Action item — Word for word, print out all of the data, omitting every image.

Collected material —
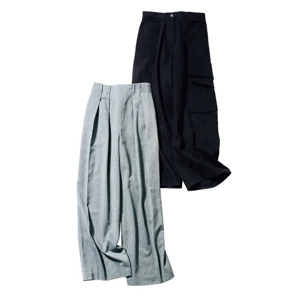 「張りの強い素材や足もとに重みがたまりやすい超ワイドは、自分の脳内イメージよりスタイルを悪く見せるし、迫力が出すぎることに気づきました(笑)」
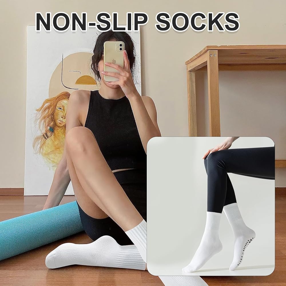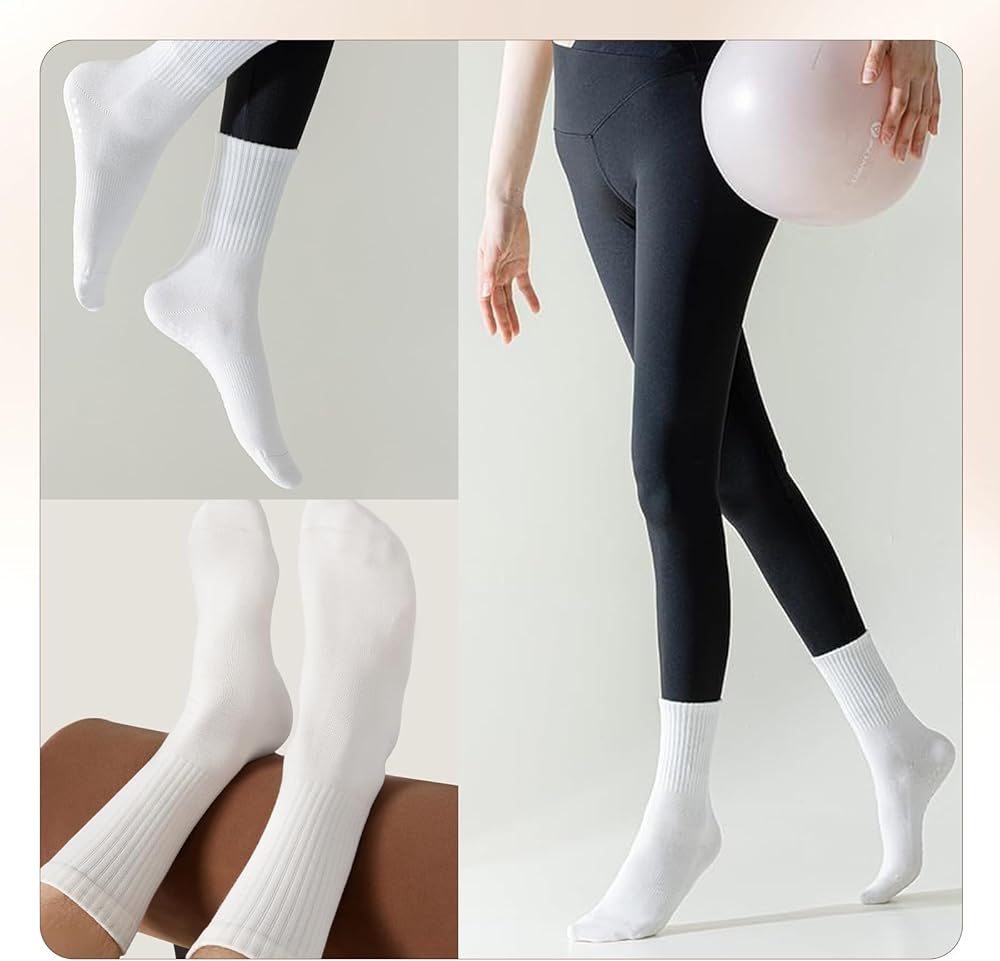 Fashionable and Versatile: Grippy socks woman pilates is classic mid-tube design and stylish appearance also make it more practical. Whether it is paired with sports shoes or casual shoes, yoga socks for women non slip can be easily matched, allowing you to show your fashion style while enjoying a healthy life.
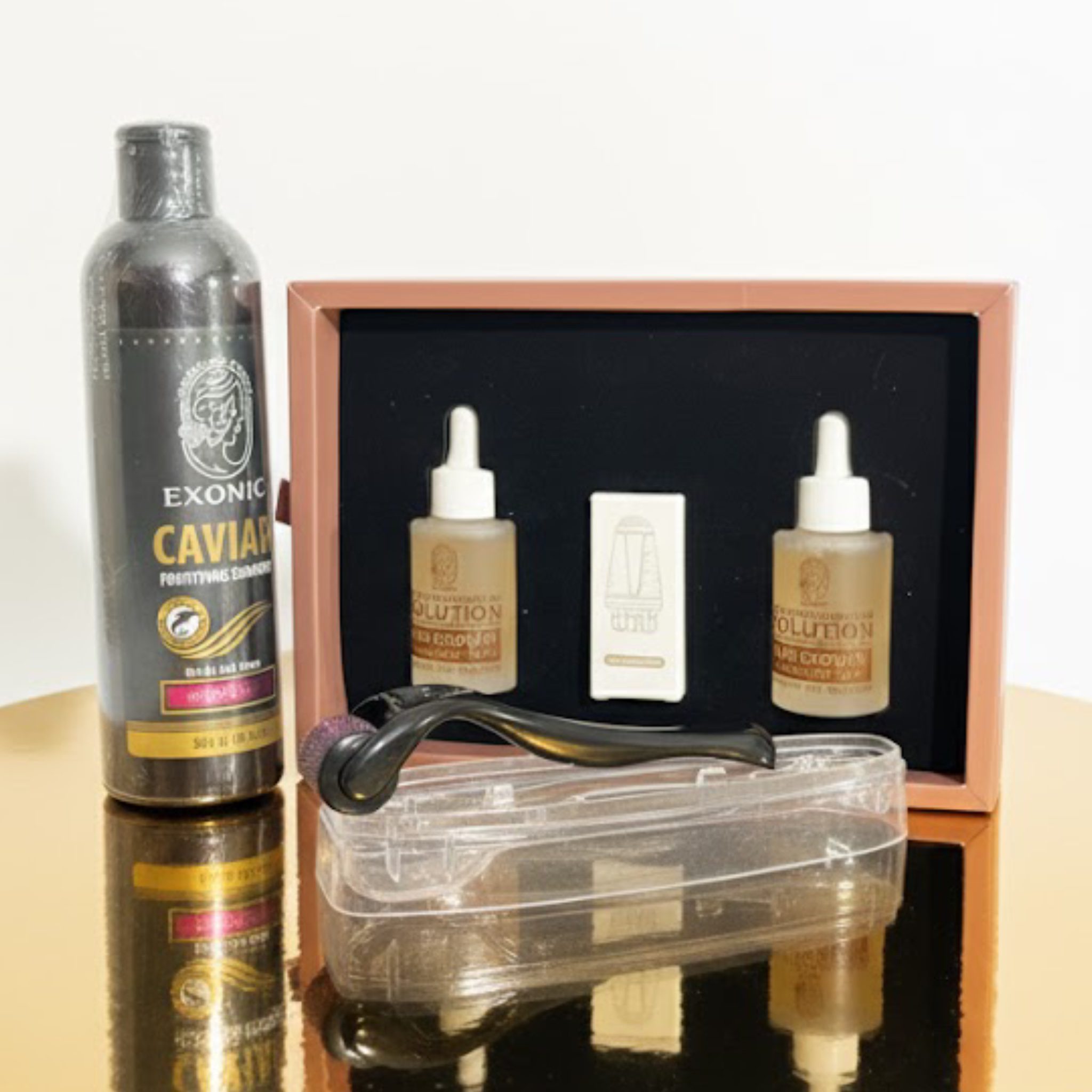 اگر به دنبال یک راهکار کامل و علمی برای درمان ریزش مو، تقویت ریشهها و رشد مجدد موهای جدید هستید، پک سهتایی EXONIC دقیقاً همان چیزی است که نیاز دارید. این پک تخصصی شامل اگزو سرم (Exo Serum)، شامپو تقویتکننده عصاره خاویار (Exonic Caviar Shampoo) و غلتک درمارولر است که با هم، یک سیستم کامل مراقبت از مو را تشکیل میدهند.

Task answer —
 「張りの強い素材や足もとに重みがたまりやすい超ワイドは、自分の脳内イメージよりスタイルを悪く見せるし、迫力が出すぎることに気づきました(笑)」
 Fashionable and Versatile: Grippy socks woman pilates is classic mid-tube design and stylish appearance also make it more practical. Whether it is paired with sports shoes or casual shoes, yoga socks for women non slip can be easily matched, allowing you to show your fashion style while enjoying a healthy life.
 اگر به دنبال یک راهکار کامل و علمی برای درمان ریزش مو، تقویت ریشهها و رشد مجدد موهای جدید هستید، پک سهتایی EXONIC دقیقاً همان چیزی است که نیاز دارید. این پک تخصصی شامل اگزو سرم (Exo Serum)، شامپو تقویتکننده عصاره خاویار (Exonic Caviar Shampoo) و غلتک درمارولر است که با هم، یک سیستم کامل مراقبت از مو را تشکیل میدهند.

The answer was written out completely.